As I sat in front of my notebook, I realized that the pieces of music in front of me were mostly added during our season of infertility and waiting. At the time, these were heart cries to God out of longing and hope. We started trying to build our family in 2014 and did not welcome our daughter until the end of 2019. But, my fear of infertility started when I was 17 years old and found out I have a hormone disorder that makes it very difficult to conceive. I carried this with me like a scarlet letter for 17 years as I waited for the man who was willing to take a risk on me and maybe not be able to have children of his own.
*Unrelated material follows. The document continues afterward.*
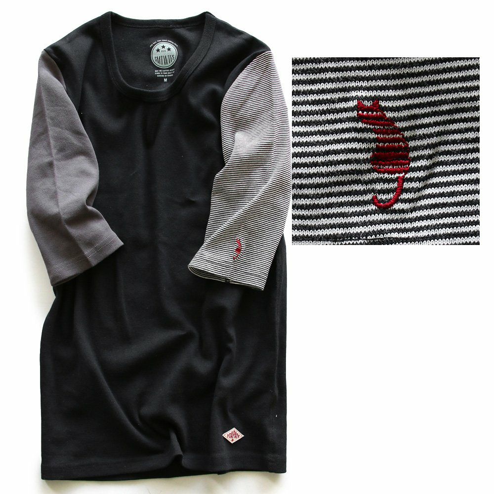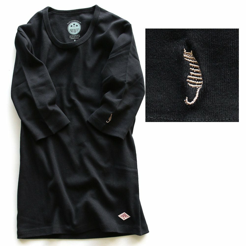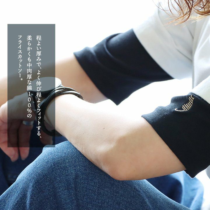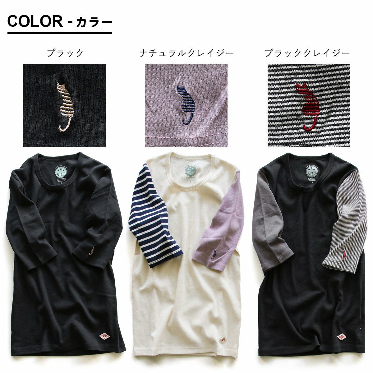 【メール便50】家事も仕事も1枚でも重ね着でも、すっきり楽々! カットソー 五分袖 tシャツ レディース メンズ 猫 刺繍 重ね着 ストレッチ 綿100% コットン スリム フィット 半袖tシャツ 5分袖 丈夫 しっかり アシメ 配色 カジュアル パティ PATY パティ

It’s not uncommon for those of us who feel like we are suffering to find our way to the book of Job. That was a man who really suffered. He literally lost everything due to no fault of his own. Yet, he, for the most part, was able to keep his eyes on the Lord who gives and takes away. This song comes out of the book of Job and, while it never failed to bring tears to my eyes, it challenged me to remember that God did not owe me a baby. He was shaping my heart in the waiting and asking me to draw near to Him, no matter whether He was giving or taking away.
We are not promised that life will be easy or that we will have all of the things we want. In fact, we know that we will have trouble in this world. But, we know that God is good and He loves us in ways we can’t comprehend.
Our suffering isn’t meaningless. Our afflictions matter to us, to our own growth, and to the lives of those around us if we are wiling to share them and how we’ve learned, grown, or overcome. This is the hardest part of waiting - knowing that God will do what is best for our good and His glory, even if we can’t understand or find it painful. I’ll be honest and say that I haven’t always been able to lift my head in worship in those moments. But, with the help of trusted companions and fellow followers of Christ, I am able to find my way to the altar once again and thank God for the pain that is creating something beautiful in His site.
It’s ok to cry, to lament, to grieve. These are sometimes necessary steps in the journey. I pray that you will allow the Lord to do His work in your heart while you wait for what is next.